_Work to complete:_
Could you write out, exactly as they stand, only the lines in the listing below from the line with "This property is a" to the line with "Ten premature infants", both ends included, without the pictures?

_Extracted entries:_
####################

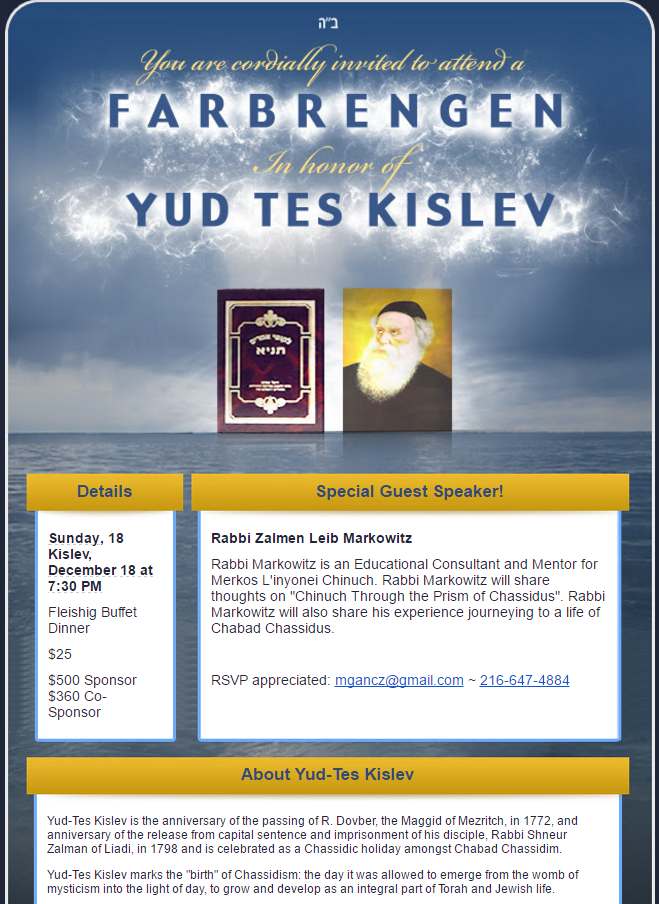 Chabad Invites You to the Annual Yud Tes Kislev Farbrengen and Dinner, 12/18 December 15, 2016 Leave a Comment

####################

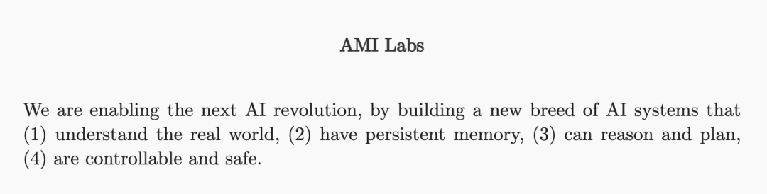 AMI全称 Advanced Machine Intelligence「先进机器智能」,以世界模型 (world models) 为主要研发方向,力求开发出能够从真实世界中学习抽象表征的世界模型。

####################

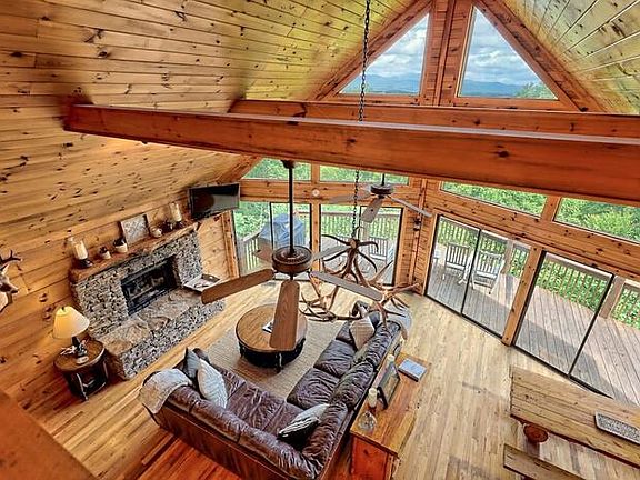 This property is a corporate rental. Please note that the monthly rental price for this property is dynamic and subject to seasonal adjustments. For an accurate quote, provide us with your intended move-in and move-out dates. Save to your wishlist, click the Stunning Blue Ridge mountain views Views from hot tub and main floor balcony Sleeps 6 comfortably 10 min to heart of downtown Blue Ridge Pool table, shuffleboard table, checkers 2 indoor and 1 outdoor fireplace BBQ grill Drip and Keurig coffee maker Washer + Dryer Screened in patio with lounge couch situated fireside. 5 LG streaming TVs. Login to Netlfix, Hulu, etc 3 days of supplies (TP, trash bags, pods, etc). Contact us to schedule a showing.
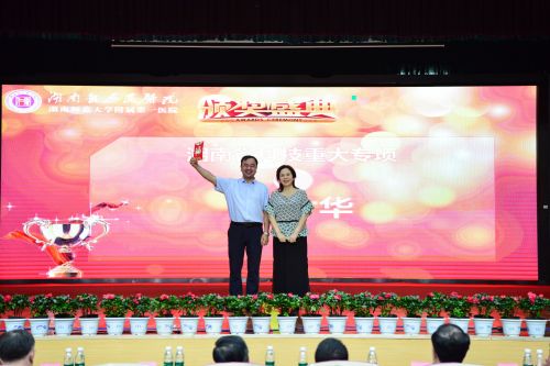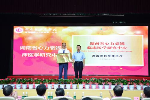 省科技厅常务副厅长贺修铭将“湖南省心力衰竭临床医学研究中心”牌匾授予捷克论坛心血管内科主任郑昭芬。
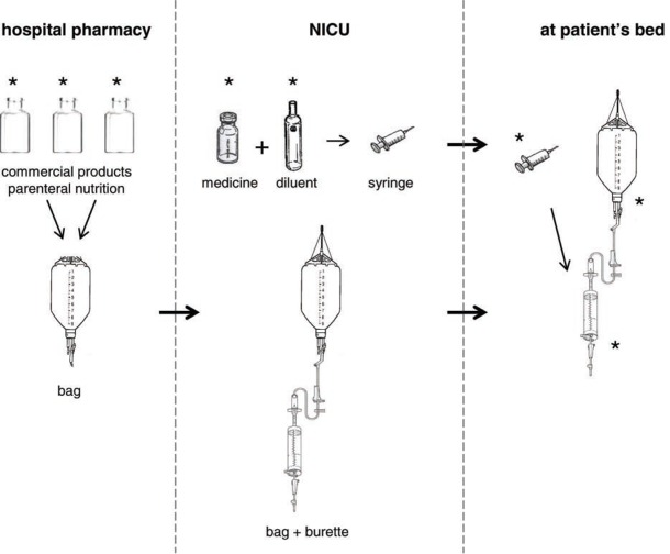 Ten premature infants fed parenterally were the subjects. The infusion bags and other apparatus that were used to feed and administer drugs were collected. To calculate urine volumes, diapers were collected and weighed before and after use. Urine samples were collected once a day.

####################

_Response:_
 This property is a corporate rental. Please note that the monthly rental price for this property is dynamic and subject to seasonal adjustments. For an accurate quote, provide us with your intended move-in and move-out dates. Save to your wishlist, click the Stunning Blue Ridge mountain views Views from hot tub and main floor balcony Sleeps 6 comfortably 10 min to heart of downtown Blue Ridge Pool table, shuffleboard table, checkers 2 indoor and 1 outdoor fireplace BBQ grill Drip and Keurig coffee maker Washer + Dryer Screened in patio with lounge couch situated fireside. 5 LG streaming TVs. Login to Netlfix, Hulu, etc 3 days of supplies (TP, trash bags, pods, etc). Contact us to schedule a showing.
 省科技厅常务副厅长贺修铭将“湖南省心力衰竭临床医学研究中心”牌匾授予捷克论坛心血管内科主任郑昭芬。
 Ten premature infants fed parenterally were the subjects. The infusion bags and other apparatus that were used to feed and administer drugs were collected. To calculate urine volumes, diapers were collected and weighed before and after use. Urine samples were collected once a day.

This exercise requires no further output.